Creating an intelligent agent that can browse the internet like a human user does is interesting. Many websites don’t want to provide services to artificial agents, but my opinion is that, making AI that can acqure information like human will facilitate the communication between AI and human, providing a common ground for both parties.
Recently, DeepMind has open-sourced a virtual Android environment for RL agents. Comparing to a virtual PC, a Android emulator tends to be faster. Moreover, some applications only provide interface on mobile devices. So I found this project interesting.
However, I am not familiar with Android, so the whole project is a little too complicated to me. I decide to make a toy/simplified version of this project, just to learn more about the details.

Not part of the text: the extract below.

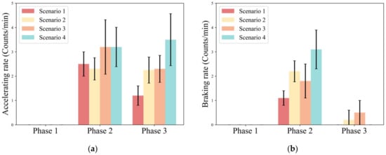 In Phase 3, the accelerating rate increases with urgency (Scenario 1: AVG. = 1.2; Scenario 2: AVG. = 2.3; Scenario 3: AVG. = 2.2; Scenario 4: AVG. = 3.6). However, braking behavior is almost absent in Phase 3, and the mean value of the braking rate in Scenario 3 is only 0.45 counts/min.
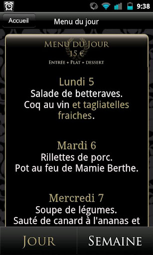 De plus vous pourrez aussi consulter le menu du jour ainsi que celui de la semaine.

First of all, this project doesn’t include the emulator of Android, rather, we need to install the emulator from Android Studio. Once we created an AVD (Android Virtual Device), we should be able to start the device by this command:
~/Android/Sdk/emulator/emulator -avd my_device
suppose the emulator was installed into
~/Android/Sdk/emulator folder, and
my_device is the name of the AVD I created.
However, the guide suggests that we should start the AVD from Android Studio. I am not sure why we should not start the emulator without Android Studio. If you happen to know why, please let me know.
You can probably see a GUI like this:
And you can use your mouse and keyboard to play with this virtual device.
Then, we will want to send mouse and keyboard events to the virtual device programmably.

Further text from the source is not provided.